> PROBLEM DETAILS
Copy the lines running from the one that contains "Mareșalul Ion Antonescu" to the end of the entries below, exactly and with no pictures.

[Stored data]

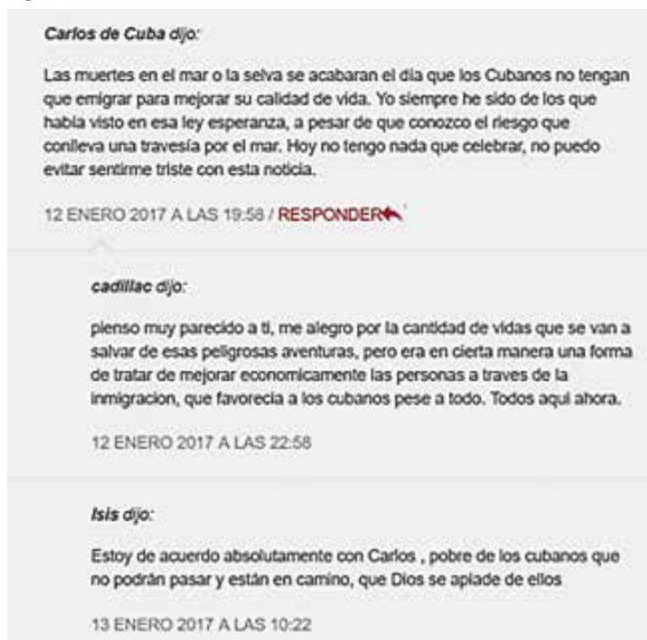
Figura 5: Comentarios de la conversación analizada (V)

Un elemento importante que fundamentó los criterios expresados en la conversación analizada fue la perspectiva humanitaria que, de cierta forma, constituye el punto de encuentro entre las posiciones del Sí y el No: la mayoría de las opiniones que evalúan la decisión de Obama tiende a considerar como elemento positivo que, en efecto, esa medida contribuye a reducir las muertes de cubanos durante la travesía migratoria ilegal, al eliminar el principal estímulo para los emigrantes ilegales en el país de destino. De esa forma, se construye un punto común entre los interlocutores, aunque esa visión de preservación de la vida humana como bien supremo se contrasta continuamente con un contexto social más amplio en que no parece haber otras opciones de vida sino la salida migratoria.
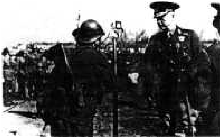
Mareșalul Ion Antonescu strânge mâna unui ostaș
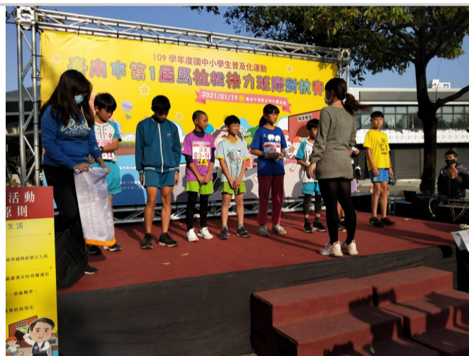
參加110年全市馬拉松接力
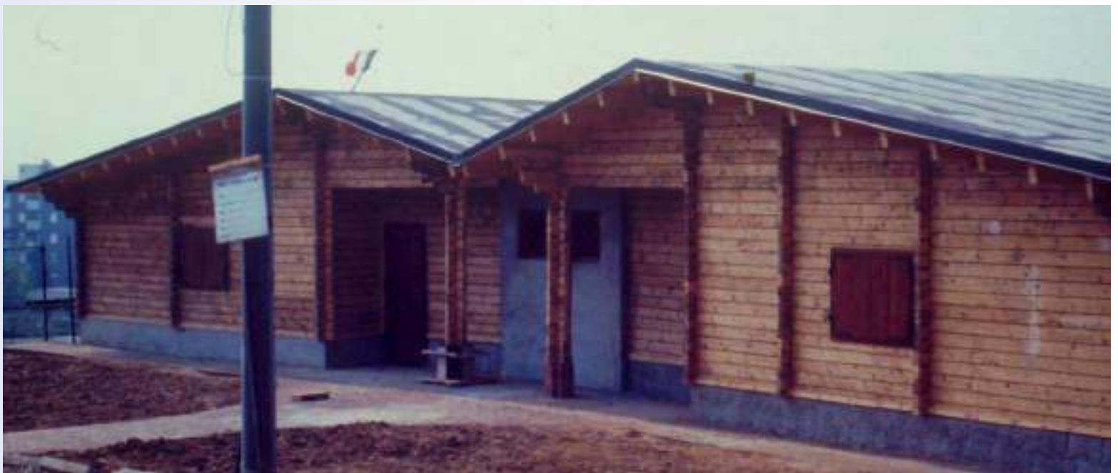
Dalle fondazioni al tetto (1987-1988)

> TASK RESULT
Mareșalul Ion Antonescu strânge mâna unui ostaș
參加110年全市馬拉松接力
Dalle fondazioni al tetto (1987-1988)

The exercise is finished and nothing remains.